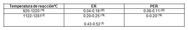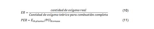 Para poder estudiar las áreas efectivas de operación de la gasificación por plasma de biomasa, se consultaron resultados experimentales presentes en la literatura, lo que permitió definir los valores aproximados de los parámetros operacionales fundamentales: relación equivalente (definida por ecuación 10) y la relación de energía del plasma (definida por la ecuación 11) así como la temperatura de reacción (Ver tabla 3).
----------------
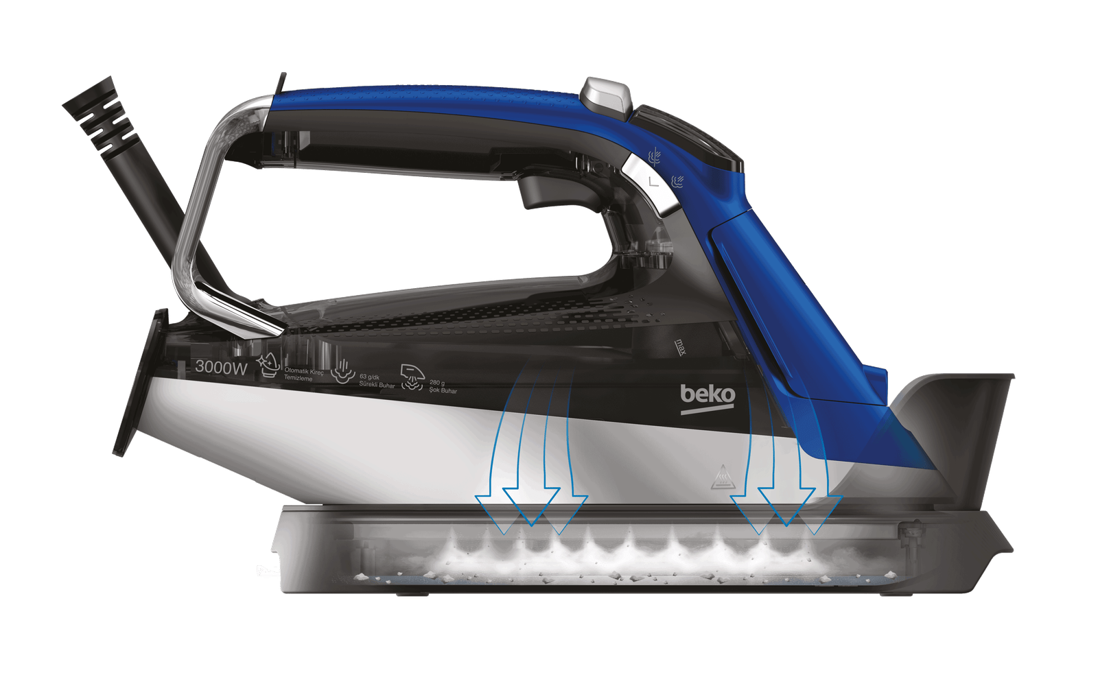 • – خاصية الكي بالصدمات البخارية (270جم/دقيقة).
----------------
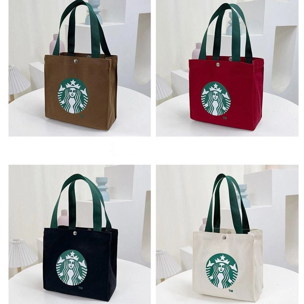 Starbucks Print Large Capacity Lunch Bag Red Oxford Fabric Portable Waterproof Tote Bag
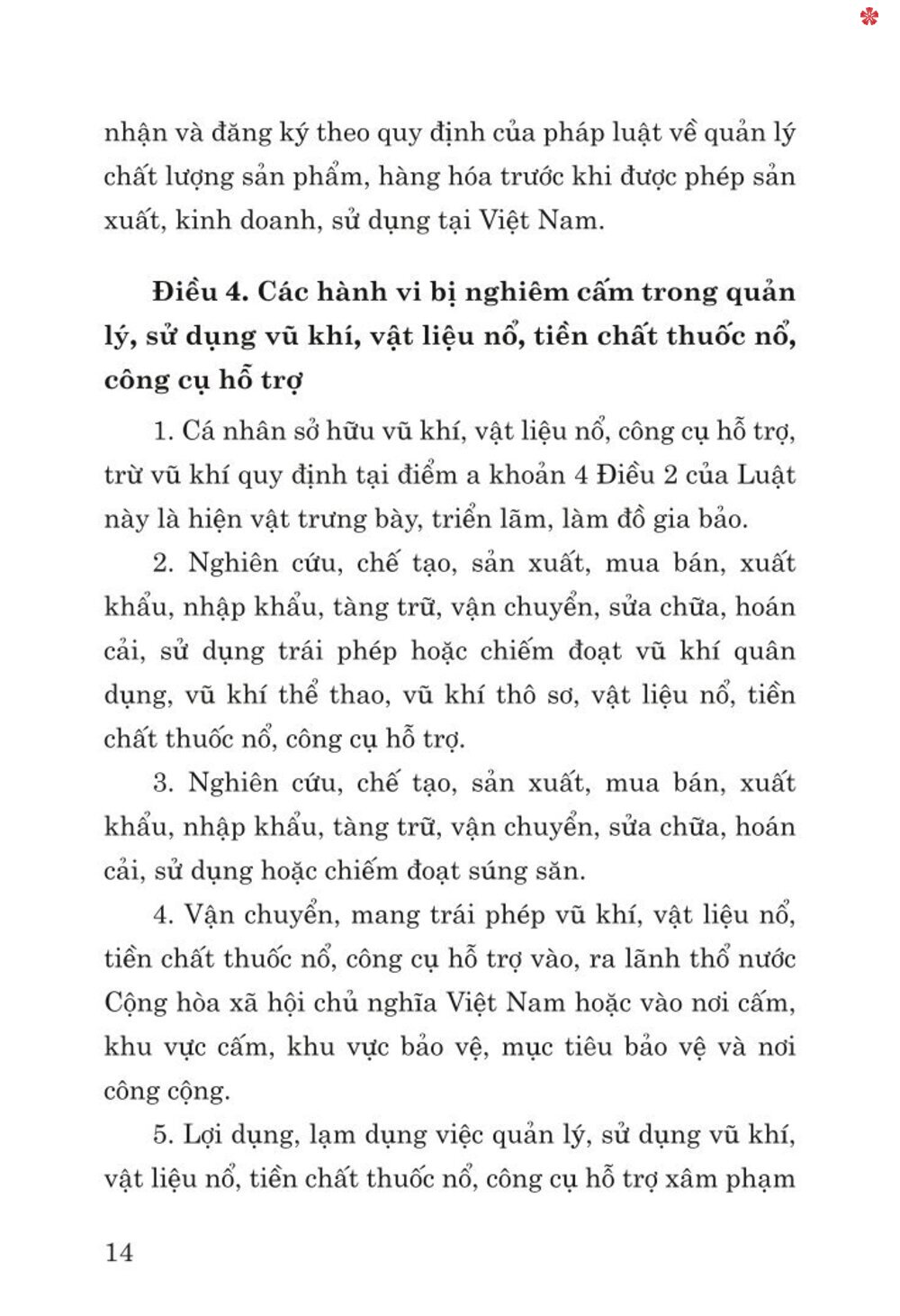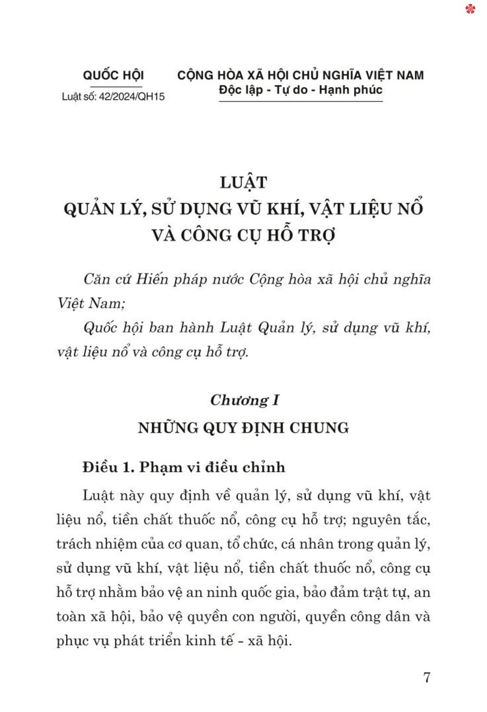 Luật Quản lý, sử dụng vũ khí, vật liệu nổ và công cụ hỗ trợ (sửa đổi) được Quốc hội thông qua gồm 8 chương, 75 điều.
----------------
→ Problem description
Above are records; repeat only the lines from the line with "Starbucks Print Large" through the line with "Luật Quản lý, sử", and leave pictures out.

→ Reply
 Starbucks Print Large Capacity Lunch Bag Red Oxford Fabric Portable Waterproof Tote Bag
 Luật Quản lý, sử dụng vũ khí, vật liệu nổ và công cụ hỗ trợ (sửa đổi) được Quốc hội thông qua gồm 8 chương, 75 điều.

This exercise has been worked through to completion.